= Harbin Z-21 =

Chinese attack helicopter

The Harbin Z-21 () is a type of heavy-weight, twin-turboshaft, attack helicopters based on the Harbin Z-20 airframe. Produced by the Harbin Aircraft Industry Group (HAIG), the helicopter was first observed in China in March 2024. The United States Army University estimated that Z-21 would be inducted to the People's Liberation Army Ground Force Aviation (PLAGF) service in around late 2027.

==Description==
The Z-21 has a tail section and rotor configuration similar to the Harbin Z-20, but with a thinner fuselage. A tandem cockpit replaces the side-by-side seating cockpit on the original.
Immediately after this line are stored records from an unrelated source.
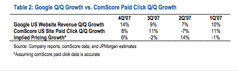 A more likely explanation is that Google is tightening the reins on clicks to combat click fraud and generate better clicks in general. Also the correlation between comScore’s click-through estimates and Google’s revenues has been highly inconsistent in the past. It definitely isn’t a one-to-one correlation. For instance, in the fourth quarter of 2007, comScore showed a 25 percent year-over-year paid click-through growth rate, yet Google’s actual U.S. revenues grew 46 percent. In the third quarter of last year, comScore showed a 48 percent growth rate for paid clicks, compared to an actual 58 percent growth in revenues. Sequential quarter-over-quarter comparisons are even more all over the map, according to calculations by JPMorgan.
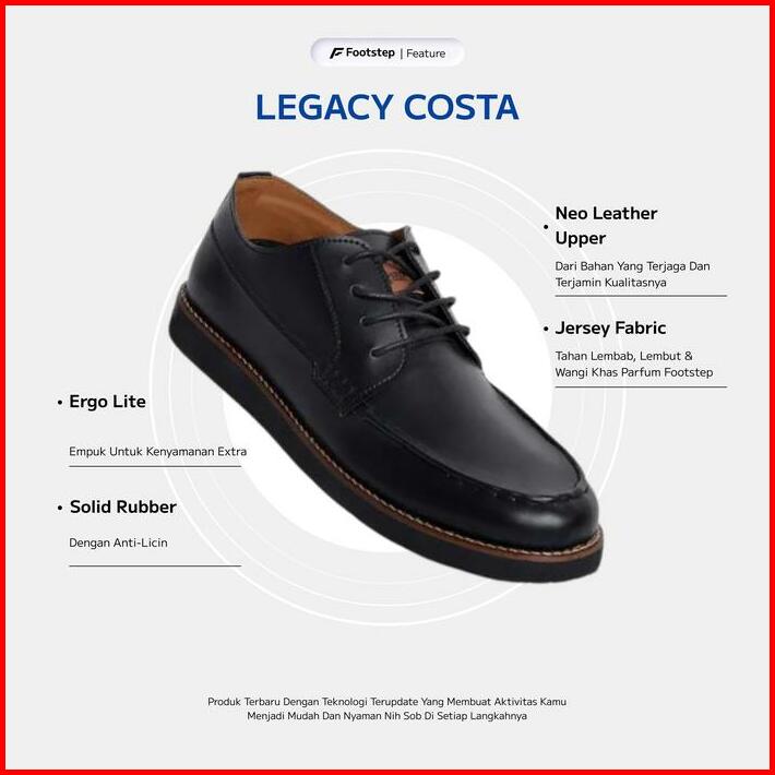 Sepatu Cowok Footstep Derby Legacy Costa Formal Shoes Black Pria Pantofel
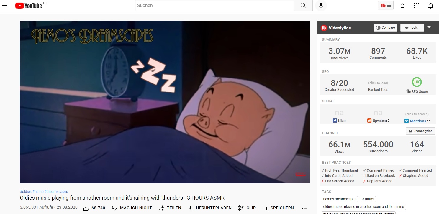 Titel des Videos:"Oldies music playing from another room and it's raining with thunders - 3 HOURS ASMR" - Die Beschreibung ist knapp gehalten, sieht für mich nach sehr stromlinienförmiger SEO aus, nichts Außergewöhnliches, beinhaltet die wichtigsten der videorelevanten Keywords.
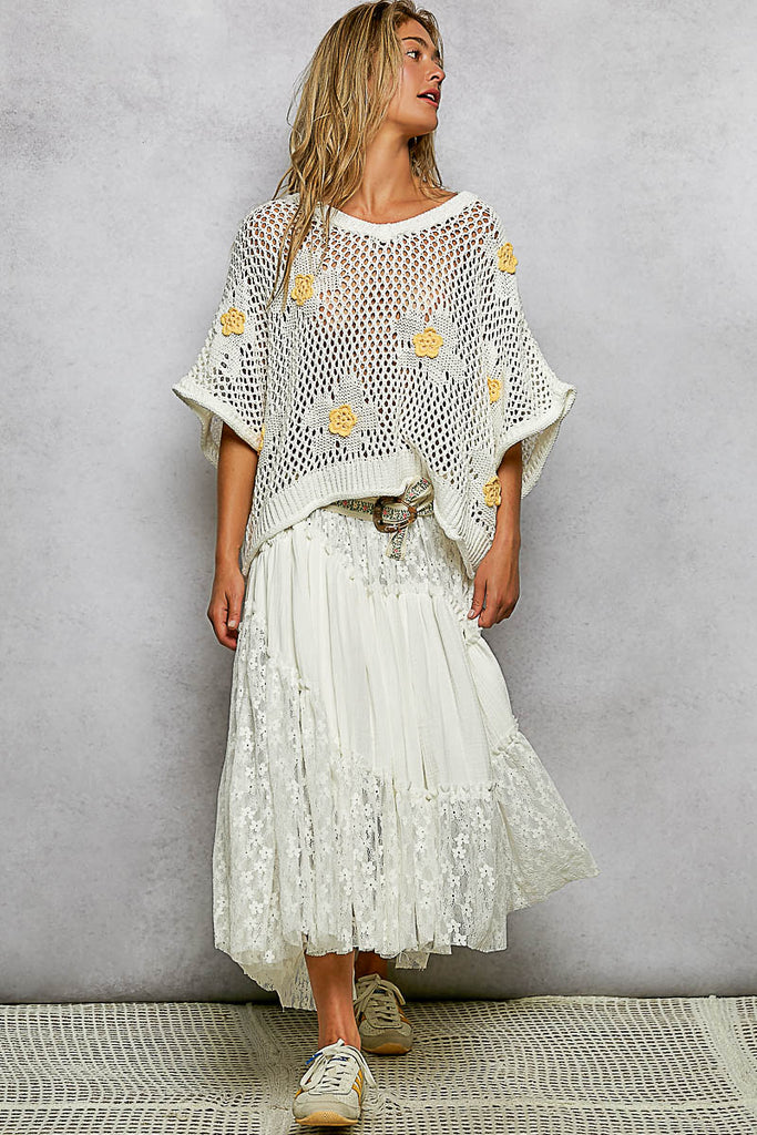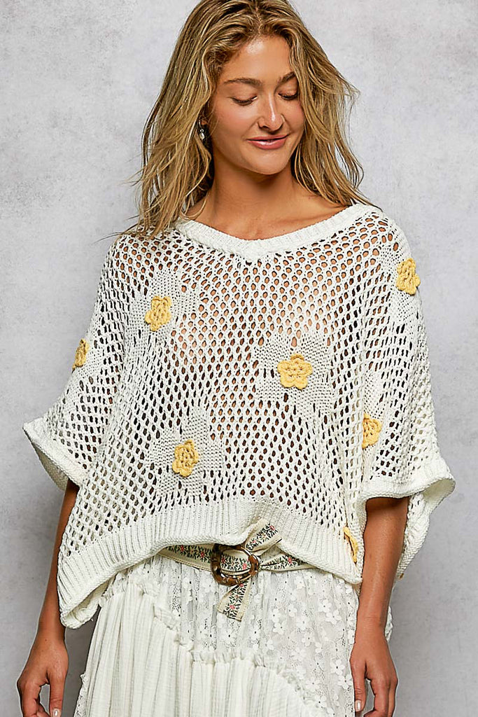 Embrace those sunny days in the Bring In The Sun Sweater—a breezy cotton knit that's all about effortless style. The relaxed V-neck silhouette and sleeveless design keep things cool and comfortable, while charming floral patches add a touch of whimsy. Soft outseam rolling edges give it that coveted lived-in feel, and the lightweight fabric makes it perfect for layering over your favorite tees or wearing solo when the weather's warm. Simple, sweet, and ready to brighten your wardrobe.
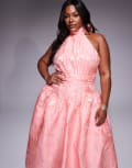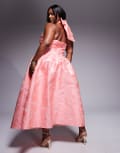 ASOS LUXE Curve jacquard maxi dress with bow in bright pink floral

In front of the cockpit, an electro-optical/infrared (EO/IR) sensor turret is fitted, while an autocannon is mounted below. A cheek fairing is added for additional ammunition and avionics. A millimeter-wave (mmW) radar is mounted on top of the rotor mast, with VHF/UHF communication antennas, satellite communication antennas, laser warning receivers (LWR), radar warning receivers (RWR), and a missile approach warning system (MAWS) mounted around the fuselage. The helicopter is fitted with two WZ-10 engines, rated at 1790 kW each with the exhaust direction changed to upward-facing to reduce the infrared signature.

According to Janes Information Services, at an estimated maximum takeoff weight of 10-12 t (in the same class as the AH-64E Apache and the Mi-28), The heavy-weight Z-21 allows the airframe to provide better protection and heavier payload than China's previous Changhe Z-10 helicopters, complementing the latter. Four hard points are fitted under the stub wings, while two more are mounted on the wingtips, for a total of six, which is more than the four hardpoints on the Z-10. Other than the stub wings, the Z-21 features hardpoints underneath the fuselage for carrying external fuel tanks, extending the helicopter's range and on-station endurance, which would be critical in a contested environment without forward arming and refuelling point (FARP).